Blog - The Kennedy Crew -  Kelsey, Chris & Alexa Kennedy

And the Lord, He is the One who goes before you. He will be with you, He will not leave you nor forsake you; do not fear nor be dismayed.” – Deuteronomy 31:8

I’ve never met Kelsey Kennedy, but she is dear to me. Five years ago, she was diagnosed with epithelioid sarcoma. This is a rare cancer of the extremities that occurs in young people and spreads aggressively to other parts of the body. From the beginning, Kelsey must have known what a relentless cancer this was, and yet she faced it with great courage and faith. Thanks to social media (Facebook, in particular), I am a small part of a huge army of prayer warriors who have been committed for months/years to pray healing over Kelsey and grace for her husband, Chris.

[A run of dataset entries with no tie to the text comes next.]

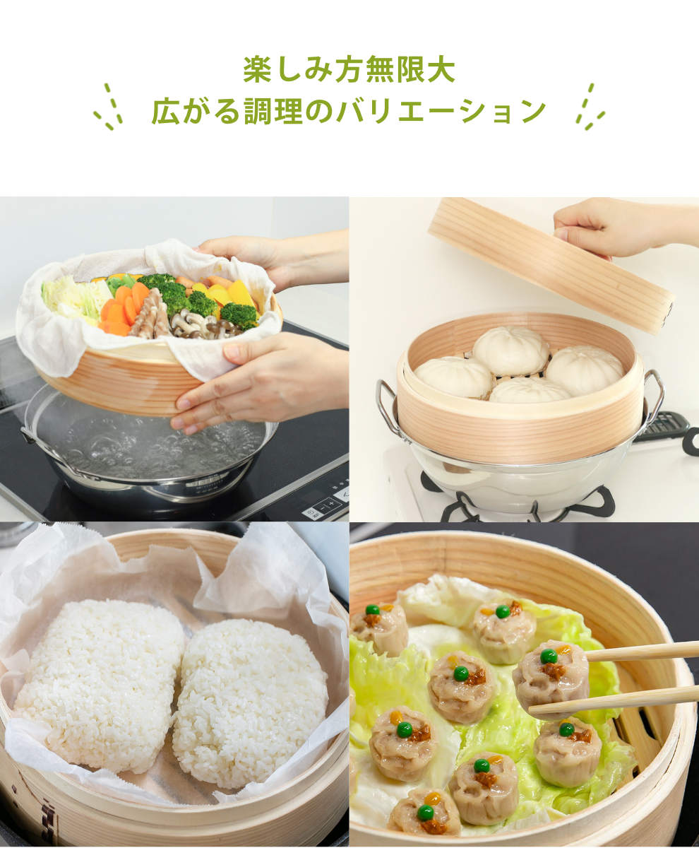 お野菜やシュウマイなどを蒸して、そのまま食卓に出せば、いつもの食事がちょっとした外食気分に。普段のお料理を、さりげなくワンランクアップしてくれます。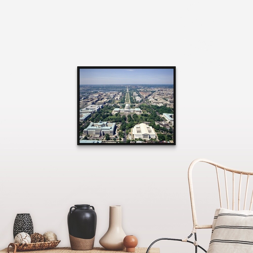 "Aerial view of buildings in a city, Washington DC" Black Float Frame Canvas Art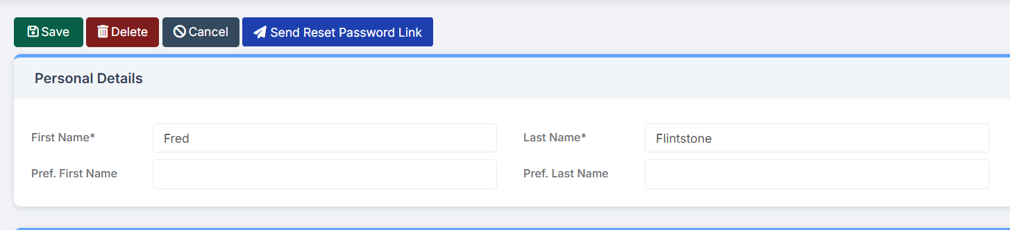 Alternatively, a system administrator can send a password reset email in the system for the user by browsing to Modules > Setup > System Security > System Users and clicking the Send Reset Password Link button.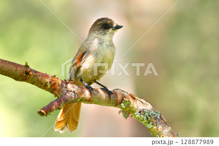 Siberian jay perched on a tree branch
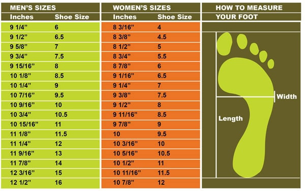 Note that this is a starting point. You will likely need a larger size than is indicated in the table for hiking boots and trail shoes.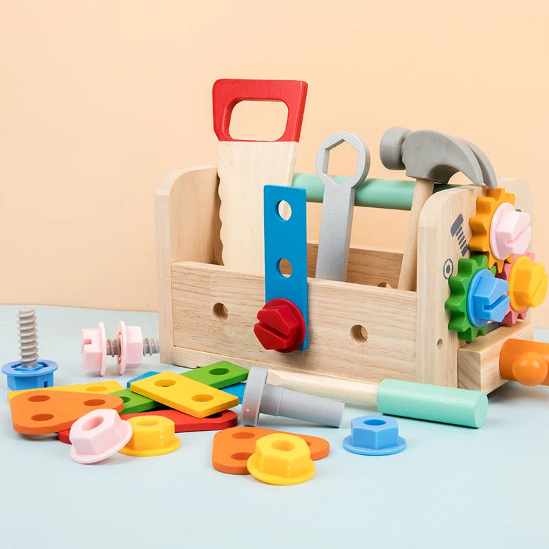 Ignite your child's passion for building with this wooden toolbox toy! The set contains colorful gears, nuts, bolts, and tools like wrenches and screwdrivers to get the little ones into their hands – DIY fun.

For the last several weeks, I’ve been praying for her (having discovered a Praying for Kelsey page through a friend’s Facebook wall). Kelsey’s tenacity, in the face of a cancer that continued to spread despite the best treatment, was unflagging. She had so much to live for – a sweet husband, darling little daughter, family and friends who adored her, and a God she wanted to glorify for years to come…a lifetime to come.

Cancer nursing is my background, and even as I prayed for complete physical healing for her, as she had asked us all to pray, I struggled against the knowledge of what a dismal prognosis she had. Yet, she kept her focus on life and she fought for it. Not just for herself, but for those she loved. And even in this past week, what would be the last week of her life, she poured grace on all who came to encourage her. She encouraged them, and she encouraged all the rest of us – who didn’t know her, but loved her. She pointed us to her Saviour…and now she sees Him face-to-face.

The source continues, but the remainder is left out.